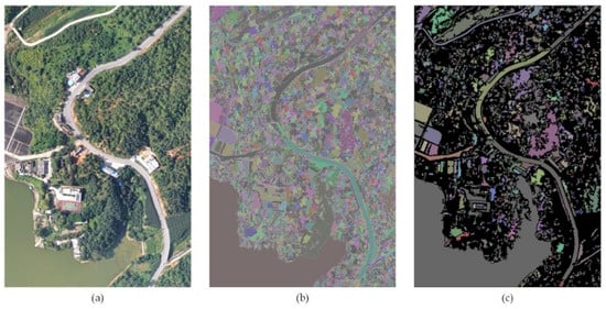 The studied imagery of this part was of a rural area of Panzhihua City in China, with a spatial dimension of 2500 × 2500 pixels and a spatial resolution 0.1 m per pixel. The original color image with the R, G, and B bands is shown in Figure 11a.
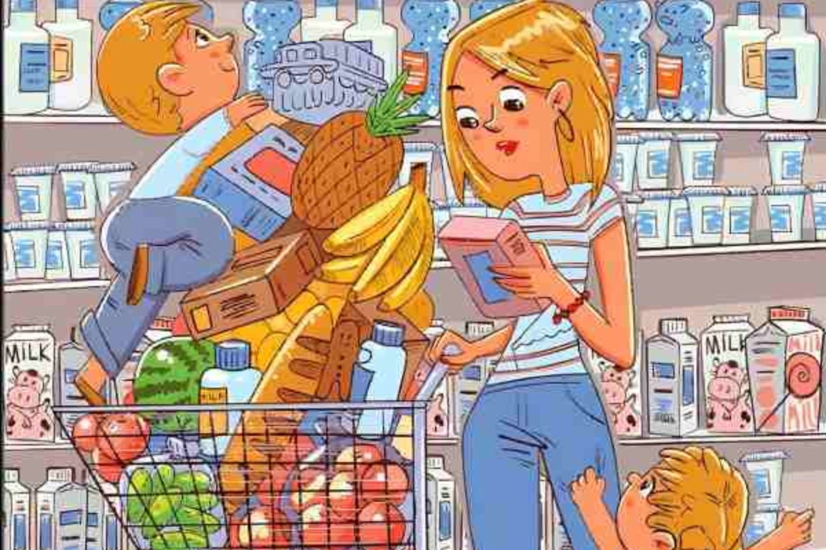 Na imagem, vemos uma mãe com seus dois filhos em um supermercado. Eles estão fazendo compras e o carrinho está cheio de produtos variados, incluindo frutas como abacaxi e melancia, caixas de leite, garrafas de água, e outros itens. No fundo, há prateleiras repletas de caixas de cereais, garrafas de leite e outros produtos.
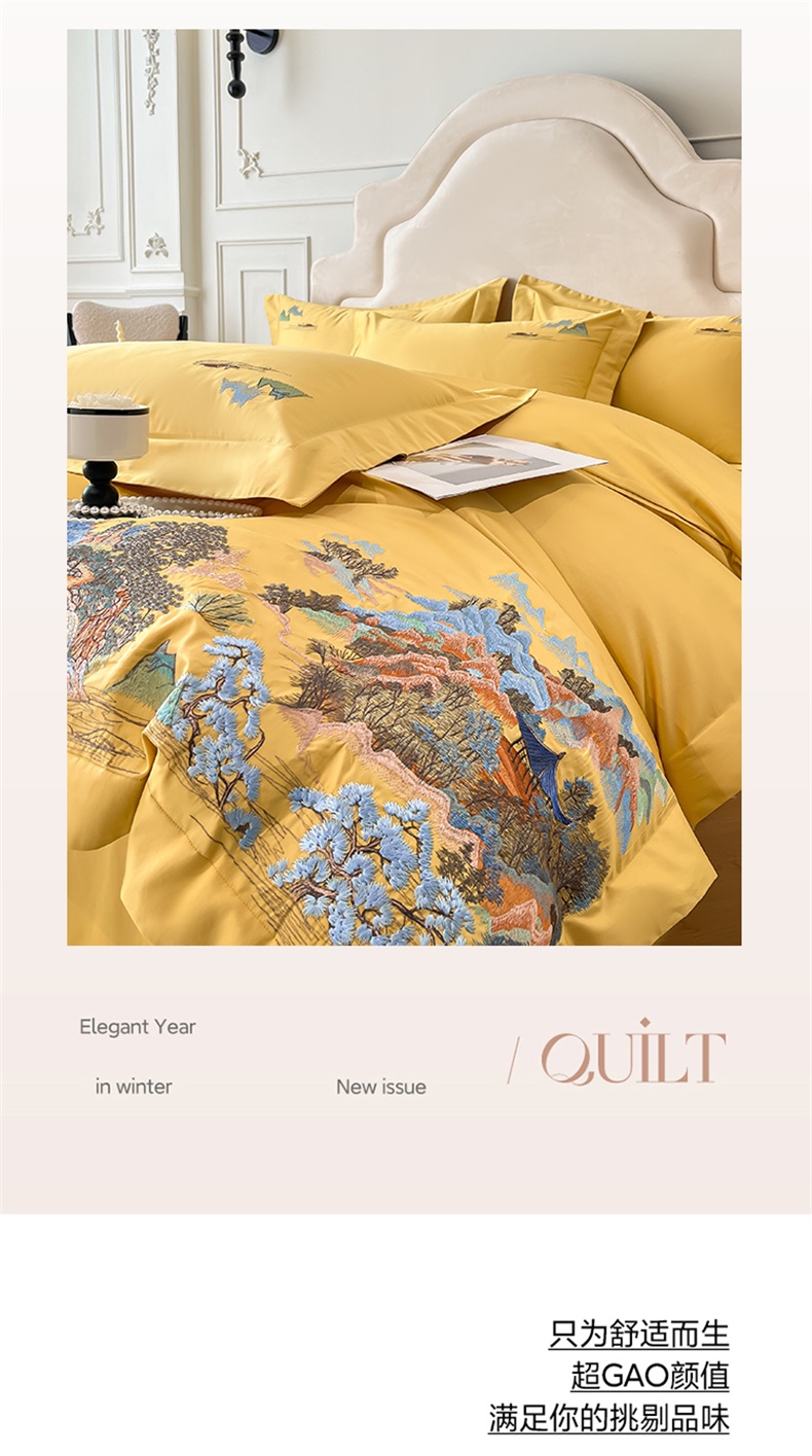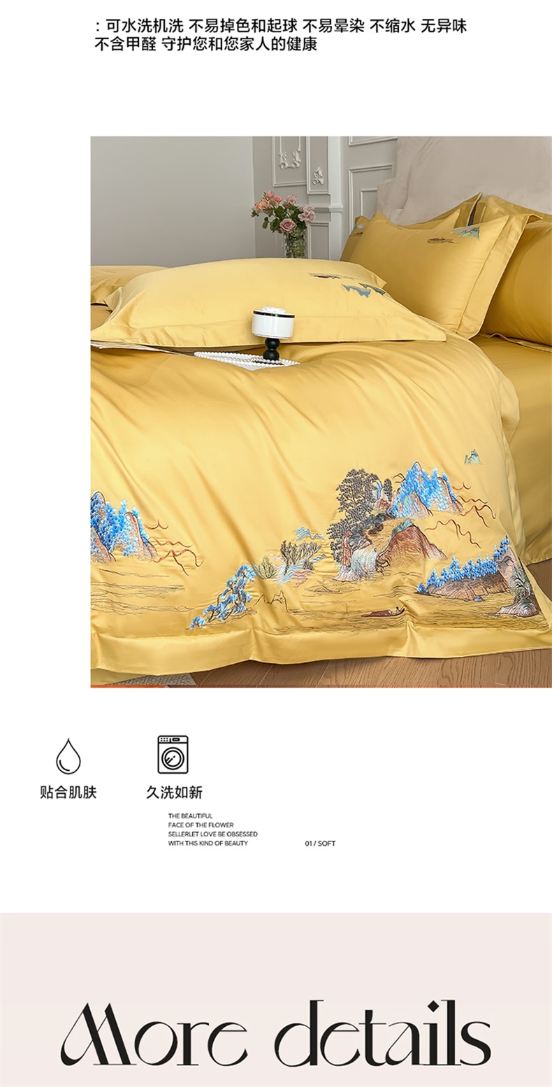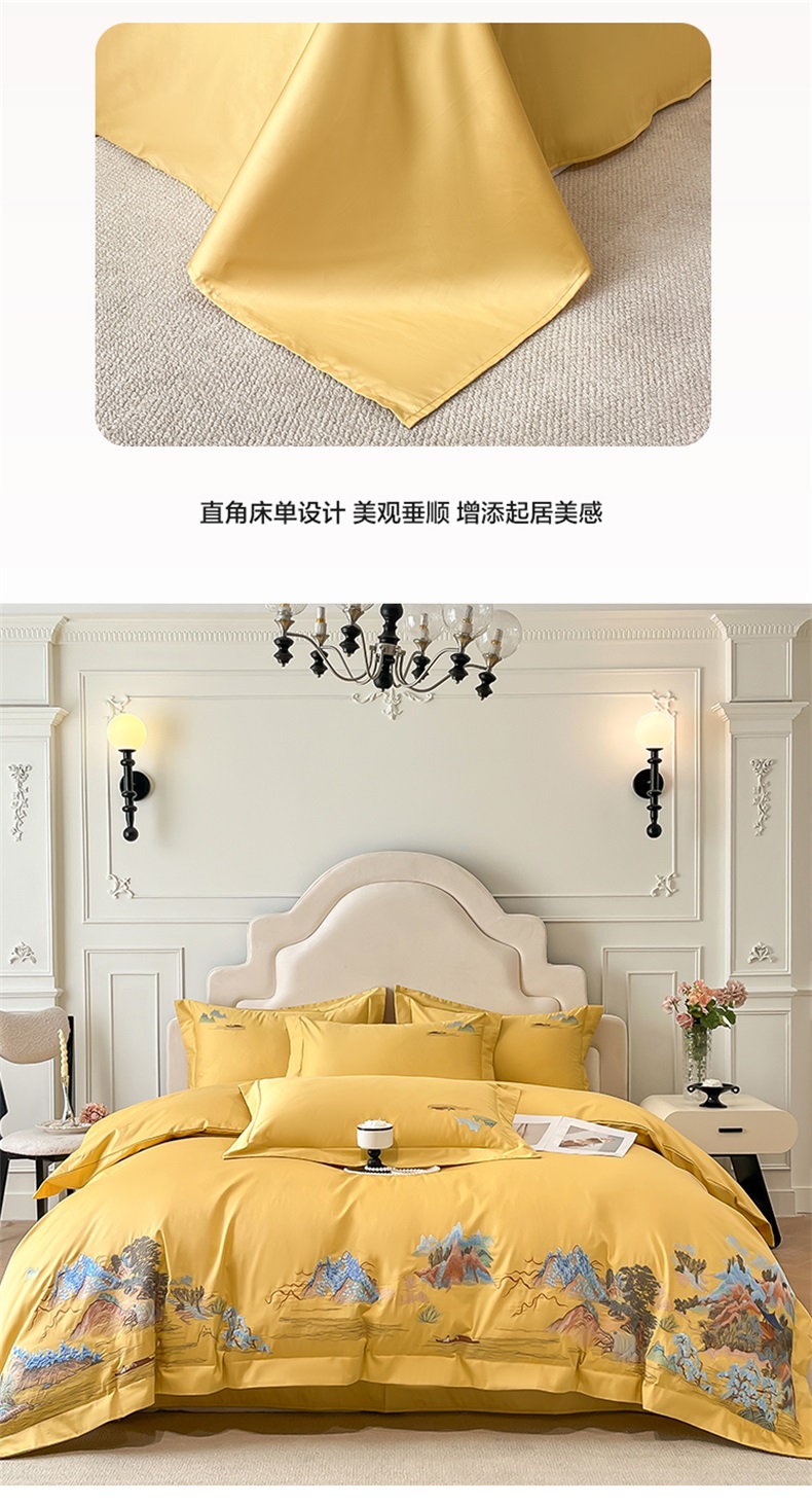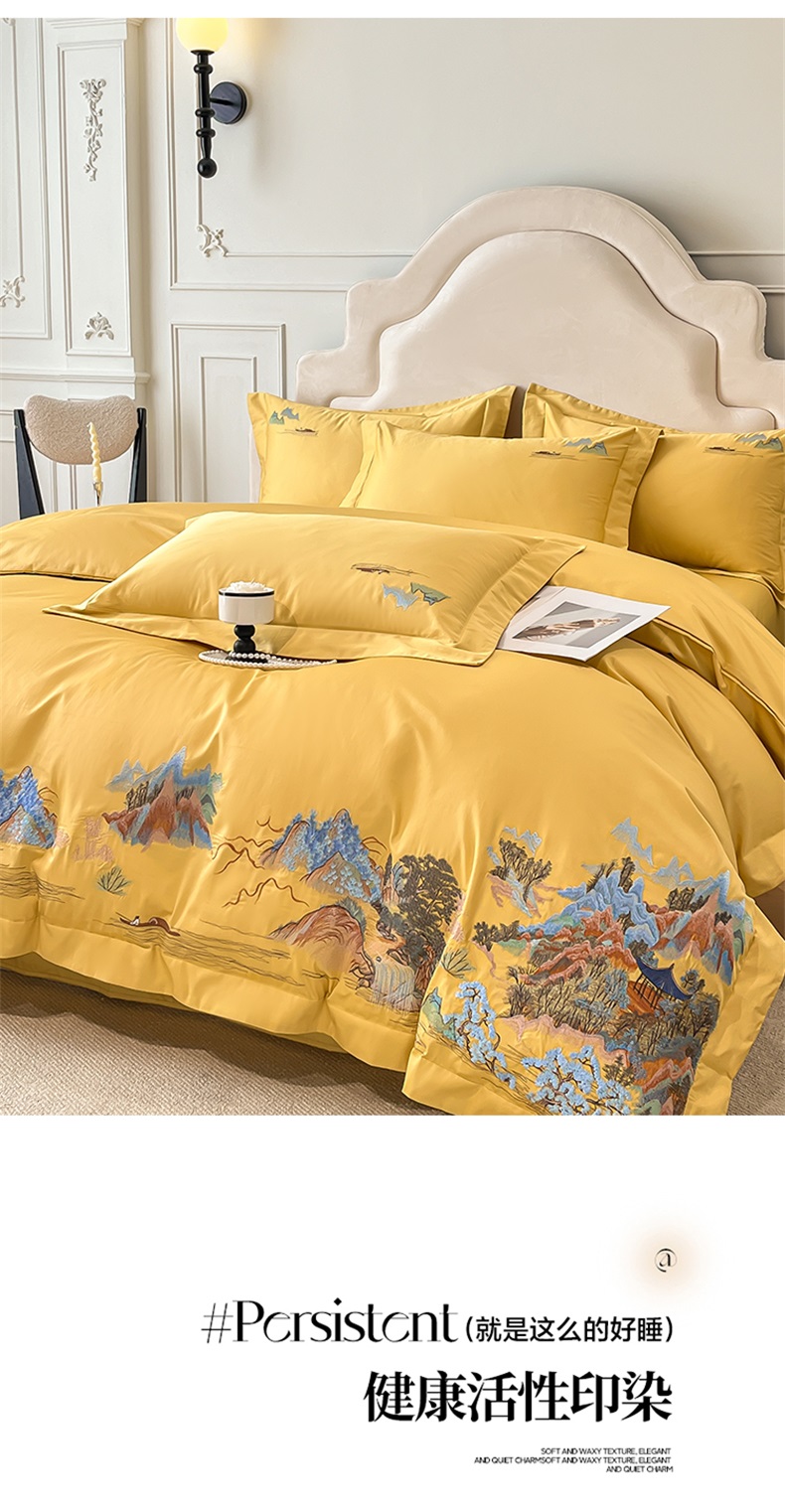 商品名称:帝王家纺 2025新款亲肤棉磨毛重工绣花四件套-锦绣山河 锦绣山河-琉璃黄
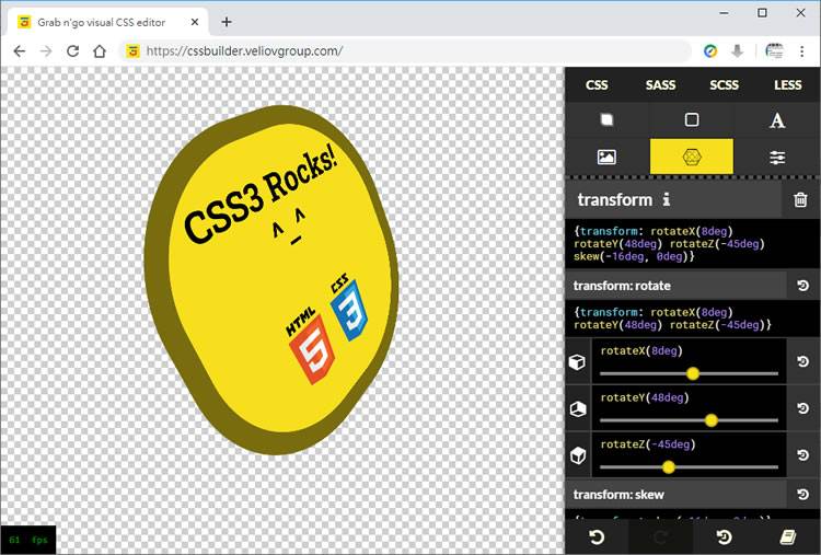首頁線上工具開發工具 CSS Grab n' Go Editor 可視化 CSS 語法產生器 階層樣式表 (Cascading Stylesheets,CSS) ,最主要的功能就是讓 HTML 網頁上的元素套用不同的樣式,讓同一個元素可以有不同的樣貌呈現,不過對於初學者而言,要了解整個 CSS 語法規則並不容易,除了時間之外,如果有輔助的工具可以協助,相信可以更快的跨過門檻,CSS Grab n' Go Editor 是個可視化的 CSS 語法編輯器,其主要鎖定 border、box-shadow、text、filter、transform 常用屬性進行變化,用戶可以透過可操作的面板進行屬性值變更,且立刻可看到所產生的變化,完成整個調整,還可以快速產生 CSS、SASS、SCSS 及 LESS 相關語法,快速套用到元素上。 🔔 不錯過任何精彩! 立即訂閱我們的 LINE 官方帳號 每次發佈新文章時,您將會第一時間收到本站文章連結通知,輕鬆掌握最新資訊! 使用 LINE 追蹤文章更新 §相關文章,還可以參閱:網站效能健檢免費工具!PageTest 多裝置模擬效能分析及由 AI 提出改進建議Regex-Vis 圖解正則表達式的線上工具,可編寫還可驗證Sitemap Generator:線上快速產生符合 SEO 標準的網站地圖,無網址數量限制適用各類型網站網站隱私權政策產生器 Privacy Policy Generator:輸入網站名稱和網址即可輕鬆生成專屬條款Frame0:輕鬆繪製應用程式流程圖、UML 和介面雛形的免費工具,適用於 macOS 與 Windows 如何使用 CSS Grab n' Go Editor 產生 CSS 語法? 1.使用瀏覽器進入 CSS Grab n' Go Editor 網站,調整右側各項屬性值會立即呈現在左側較大這欄。 2.點擊屬性旁的 i,會連結到 MDN web docs,取得更多的教學範例及說明。 3.點擊 CSS、SASS、SCSS 或 LESS,就可取得相關的 CSS 語法。 CSS Grab n' Go Editor網站網址:https://cssbuilder.veliovgroup.com/

Exercise requirements >> Skipping the pictures, transcribe each line above exactly as it appears.

Written response >>
 The studied imagery of this part was of a rural area of Panzhihua City in China, with a spatial dimension of 2500 × 2500 pixels and a spatial resolution 0.1 m per pixel. The original color image with the R, G, and B bands is shown in Figure 11a.
 Na imagem, vemos uma mãe com seus dois filhos em um supermercado. Eles estão fazendo compras e o carrinho está cheio de produtos variados, incluindo frutas como abacaxi e melancia, caixas de leite, garrafas de água, e outros itens. No fundo, há prateleiras repletas de caixas de cereais, garrafas de leite e outros produtos.
 商品名称:帝王家纺 2025新款亲肤棉磨毛重工绣花四件套-锦绣山河 锦绣山河-琉璃黄
首頁線上工具開發工具 CSS Grab n' Go Editor 可視化 CSS 語法產生器 階層樣式表 (Cascading Stylesheets,CSS) ,最主要的功能就是讓 HTML 網頁上的元素套用不同的樣式,讓同一個元素可以有不同的樣貌呈現,不過對於初學者而言,要了解整個 CSS 語法規則並不容易,除了時間之外,如果有輔助的工具可以協助,相信可以更快的跨過門檻,CSS Grab n' Go Editor 是個可視化的 CSS 語法編輯器,其主要鎖定 border、box-shadow、text、filter、transform 常用屬性進行變化,用戶可以透過可操作的面板進行屬性值變更,且立刻可看到所產生的變化,完成整個調整,還可以快速產生 CSS、SASS、SCSS 及 LESS 相關語法,快速套用到元素上。 🔔 不錯過任何精彩! 立即訂閱我們的 LINE 官方帳號 每次發佈新文章時,您將會第一時間收到本站文章連結通知,輕鬆掌握最新資訊! 使用 LINE 追蹤文章更新 §相關文章,還可以參閱:網站效能健檢免費工具!PageTest 多裝置模擬效能分析及由 AI 提出改進建議Regex-Vis 圖解正則表達式的線上工具,可編寫還可驗證Sitemap Generator:線上快速產生符合 SEO 標準的網站地圖,無網址數量限制適用各類型網站網站隱私權政策產生器 Privacy Policy Generator:輸入網站名稱和網址即可輕鬆生成專屬條款Frame0:輕鬆繪製應用程式流程圖、UML 和介面雛形的免費工具,適用於 macOS 與 Windows 如何使用 CSS Grab n' Go Editor 產生 CSS 語法? 1.使用瀏覽器進入 CSS Grab n' Go Editor 網站,調整右側各項屬性值會立即呈現在左側較大這欄。 2.點擊屬性旁的 i,會連結到 MDN web docs,取得更多的教學範例及說明。 3.點擊 CSS、SASS、SCSS 或 LESS,就可取得相關的 CSS 語法。 CSS Grab n' Go Editor網站網址:https://cssbuilder.veliovgroup.com/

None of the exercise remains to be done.